The amazing stone relief panels depict the men enlisting, training and fighting, as well as their peaceful activities on the farms.   These men were experienced horsemen and joined the reserve from all parts of the Wolds.  When war broke out, they became part of the Army Service Corps and most of them saw active service in Belgium and France.


An illuminated memorial book, listing all men of the Waggoner’s Reserve, and their deeds, can be seen in Sledmere church.

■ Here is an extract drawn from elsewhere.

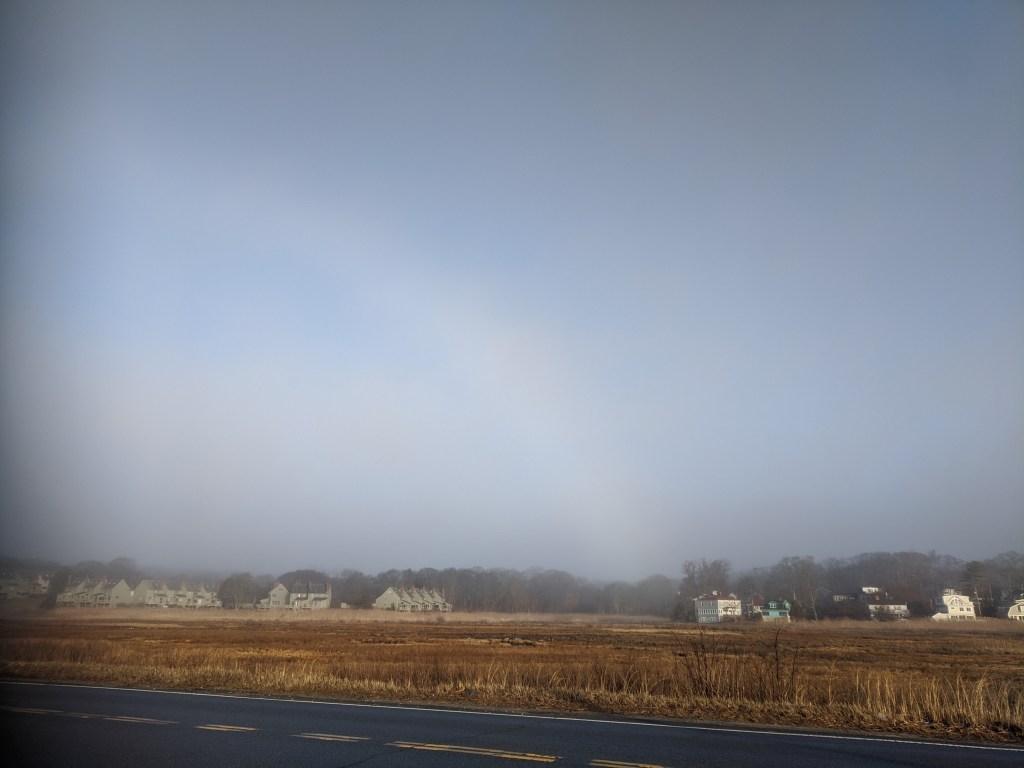 Feb. 10, 2023- a dreamy magic realism morning with several white rainbows at sunrise, maybe still. This one spanned the marsh, Old Nugent, Thacher Road more than an hour after sunrise. Hope to see your photos!

Known as The Marble Church, St Margaret’s Church at Bodelwyddan in North Wales, was built in  the mid 19th century by Lady Margaret Willoughby de Broke at a cost of £60,000.  This finely ornate church, which took four years to build, is a spectacular landmark at the side of the A55 road.  In the churchyard at the front of the church is a curious ‘war grave’ area of 117 graves with their white military gravestones.  34 of these are the graves of British servicemen who died during WW1 and the other 83 graves are those of Canadian Servicemen who died at the nearby Kinmel Park Military Camp.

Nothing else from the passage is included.